Given these profiles, which tend to track similarly from 6th grade on up, one wonders, if education is the great equalizer, how kids from the North End are going to defy the odds and become upwardly mobile? In essence, how are their schools, families, and communities going to provide for and support all the things that they need in order to become competitive with their Longmeadow peers who are already doing extraordinarily well, and more than likely, are getting more along the way to support their development. Using the train leaving the station metaphor, the problem for North End kids is that their Longmeadow peers are on a train that has already left the station and it is accelerating towards its destination, while their train is delayed, and once begun, will be traveling at a slower speed, and decelerate along the way. Given the status quo, it is easy to predict who will arrive first, with the possibility that the slower train will never arrive at all!

What can PC do?

While many people across the country are trying to figure out how to help the generic North Enders,  no one has really come up with a solution. It is true that some have seen this as basically a school problem, and have crafted various charter school formats such as KIPP or Success Academy, but as educational researcher Richard Rothstein has argued over the years, and is more recently illustrated by Robert Putnam, the issues for improving educational attainment and reducing social and economic immobility, go well beyond what schools can do. In large part, it also goes beyond what parents in the North End, or the North End Community, can do for its kids. To increase the possibility for socio-economic mobility kids are going to need much more than they are getting with regard to education, enrichment, and support from people within and beyond their schools and community. As we know from sports, to compete with the best, one needs to do what the best are doing to prepare themselves for competition.

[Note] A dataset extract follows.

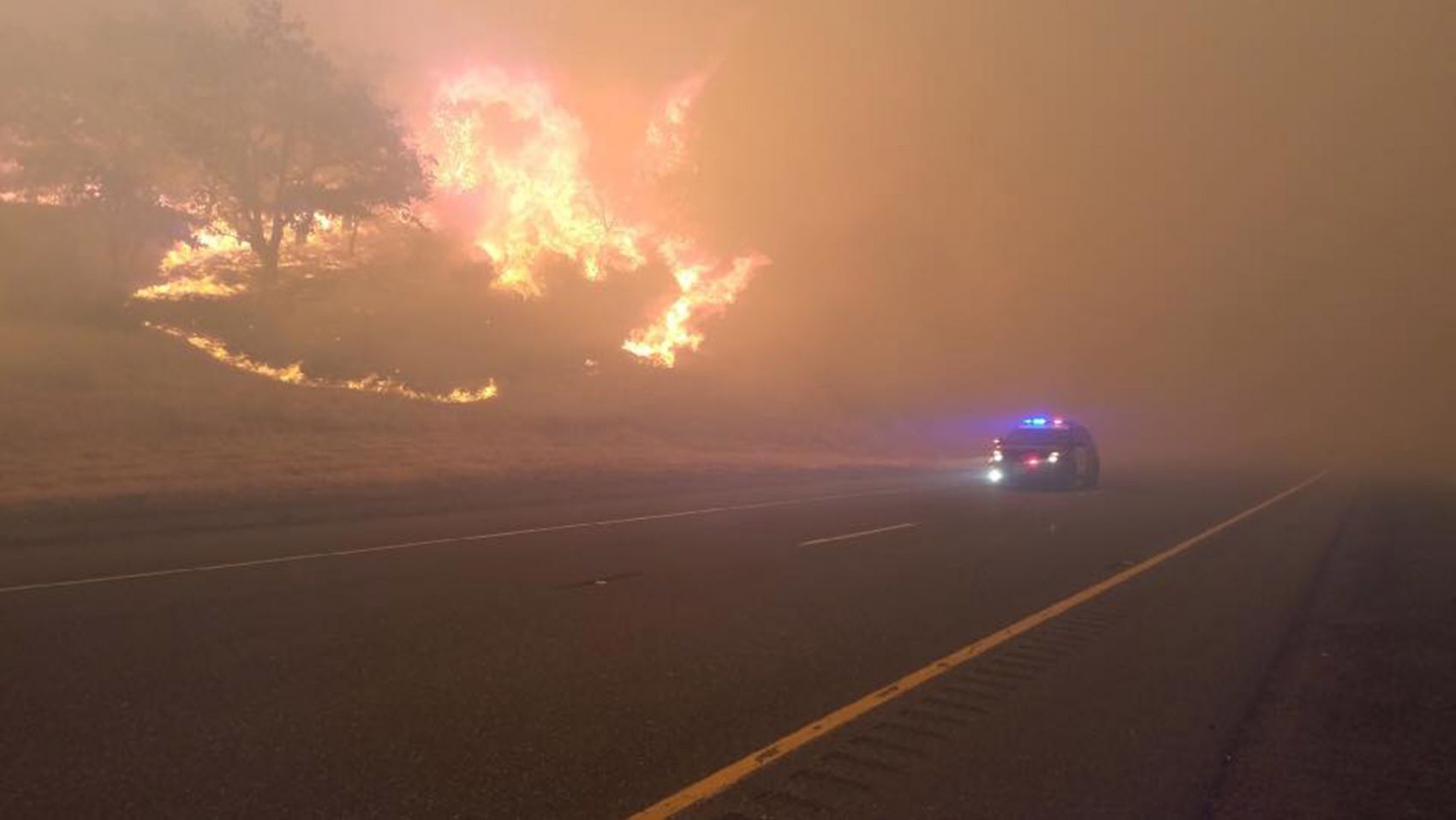 A California Highway Patrol handout photo shows the the Klamathon Fire in Hornbrook, California, July 6, 2018.

This is where programs like Project Coach can help. Such programs are not a comprehensive solution to the problem, but certainly are part of the solution. So what can Project Coach actually do to level the playing field for underserved kids to really provide them with an equal opportunity to pursue the American Dream? Perhaps, Project Coach's most important function is to help kids connect with a world in which they have little experience. This means that Project Coach can help kids acquire the knowledge, skills, and values that they will need to make the competitive process fairer. It also means connecting kids with people who can guide and support their development and upward mobility. In essence, to use sociologist Annette Lareau’s term, Project Coach can take on the role of being the concerted cultivator for it’s participants. Like the middle and upper class parents she describes who serve as “agents” for their children by making certain that they do well in school, participate in the “right” activities, acquire the necessary experiences, and can connect to people who can help them get access to any one of a number of pursuits in which they wish to partake, Project Coach can serve such a concerted cultivating function.

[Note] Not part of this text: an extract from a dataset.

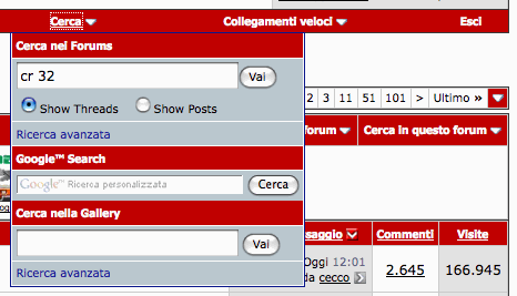 Riporto qui un post di un utente che spiega alla perfezione come cercare quello che vi può servire:D il post viene dalla sezione aeromodellismo... ma le ricerche funzionano allo stesso modo dappertutto:wink: Post: Guida: come fare ricerche nel forum Forum: Aeromodellismo Principianti Posted by: SlowFlyer Original Content: Citazione:

Essentially, what I am proposing here is that for the North End kids to play on a level playing field with the Longmeadow kids, and to really have equal opportunity to pursue their dreams and realize their goals, they need to have some semblance of  equal support. This is partly about closing an $81,735 gap in annual family income, but it is also about filling disparities in what kids get in school, the psycho-social skills that they acquire, the aspirations they develop, the cultural and social capital they build, and the sorts of obstacles they must surmount. Yes, life is unfair, as President Kennedy once said,  but as we see disparities today between communities such as the North End of Springfield and Longmeadow, the unfairness from cradle to grave, is beyond what fair minded people living in a democracy should be willing to tolerate. We can, and should be willing to make an effort to level the playing field and to really create conditions for all of our youth to pursue their dreams with equal opportunity. That is what Project Coach is all about.